# Edge Evolution: 01 F-350



## nickpan (May 6, 2008)

I'm thinking about getting the Edge Evolution for my truck, its a 2001 F 350. Just wondering if anyone else has this chip and if so do you like it? Any info would be great!


----------



## El Matador (Dec 21, 2007)

I used to have a '99 F250, and spent a bit of time on this forum: TheDieselStop There is a lot of experience on that board, and most people agree that DP Tuner makes the best programs for 7.3s. Edge makes some cool products that integrate gauges and tuners and that appeals to some more than strictly the quality of the tunes. I ran a 4-position chip from DP and was very happy with the tunes. I had them set it up for Stock, 40hp (tow), 80hp (econo), and 120hp which I could select from the cab with a switch. I would suggest doing some research on dieselstop and making up your own mind, but for my truck I chose traditional gauges and the sweet tunes from DP.


----------



## deadicatedweim (Dec 18, 2007)

I loved having all the gauges in one and loved the performance and mileage I got out of the different stages especially after doing a little fine tuning from the stock programing on the different levels. Install was easy I did it my self in less than a hour no wire cutting necessary.


----------



## nickpan (May 6, 2008)

> Re: Edge Evolution: 01 F-350
> by deadicatedweim on May 26, '08, 4:59
> 
> I loved having all the gauges in one and loved the performance and mileage I got out of the different stages especially after doing a little fine tuning from the stock programing on the different levels. Install was easy I did it my self in less than a hour no wire cutting necessary.

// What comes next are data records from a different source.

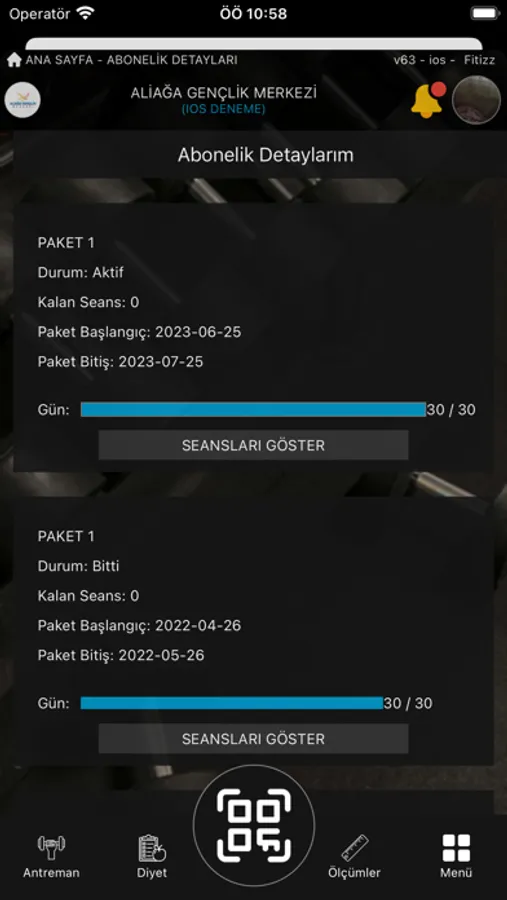 Abonelikler: Spor aboneliğinizi takip edebilir, kaç gün kaldığını, kalan seansları görebilir, mevcut paketler ve fiyat listeleri hakkında bilgi edinebilirsiniz.
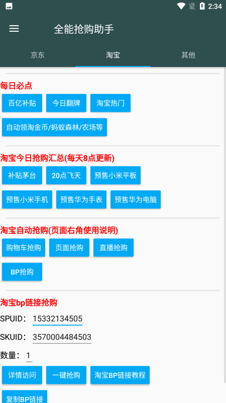 1、支持京东、淘宝bp链接生成和抢购。
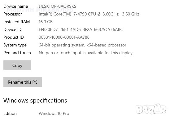 * Инсталиран Windows 10 Pro или Windows 11 Pro (по избор) + базови програми.
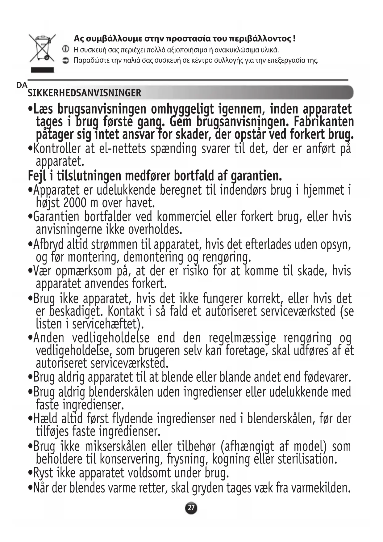 - Når der blendes varme retter, skal gryden tages væk fra varmekilden. DA28
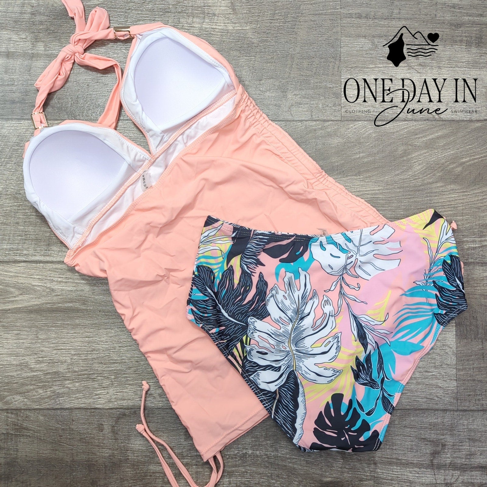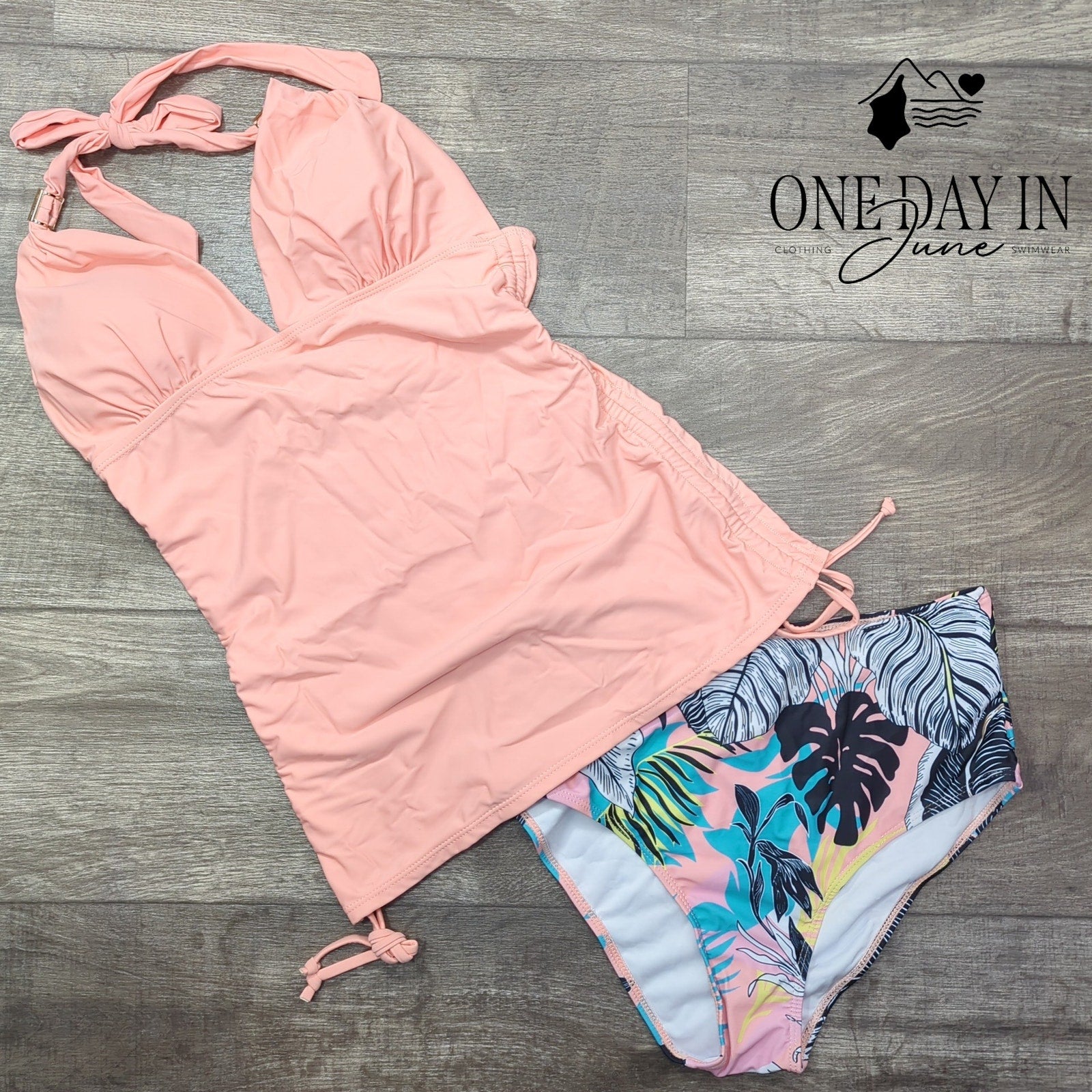 This bright orange tankini brings summer cheer with halter ties so neat and clear! The tummy control feature keeps you looking sweet, while drawstring details make this swimsuit treat complete.

How many MPG did you gain with the chip?

The reason i'm leaning toward this Edge is because i need the gauges and the traditional dial gauges are around $300 and the Evolution has many more readings and the chip included for only $425, figure i might as well spend a lil more and get the chip with the gauges.


----------



## deadicatedweim (Dec 18, 2007)

2-3mpg depending on how I drove. It helped doing extra fine tuning on the mileage setting.


----------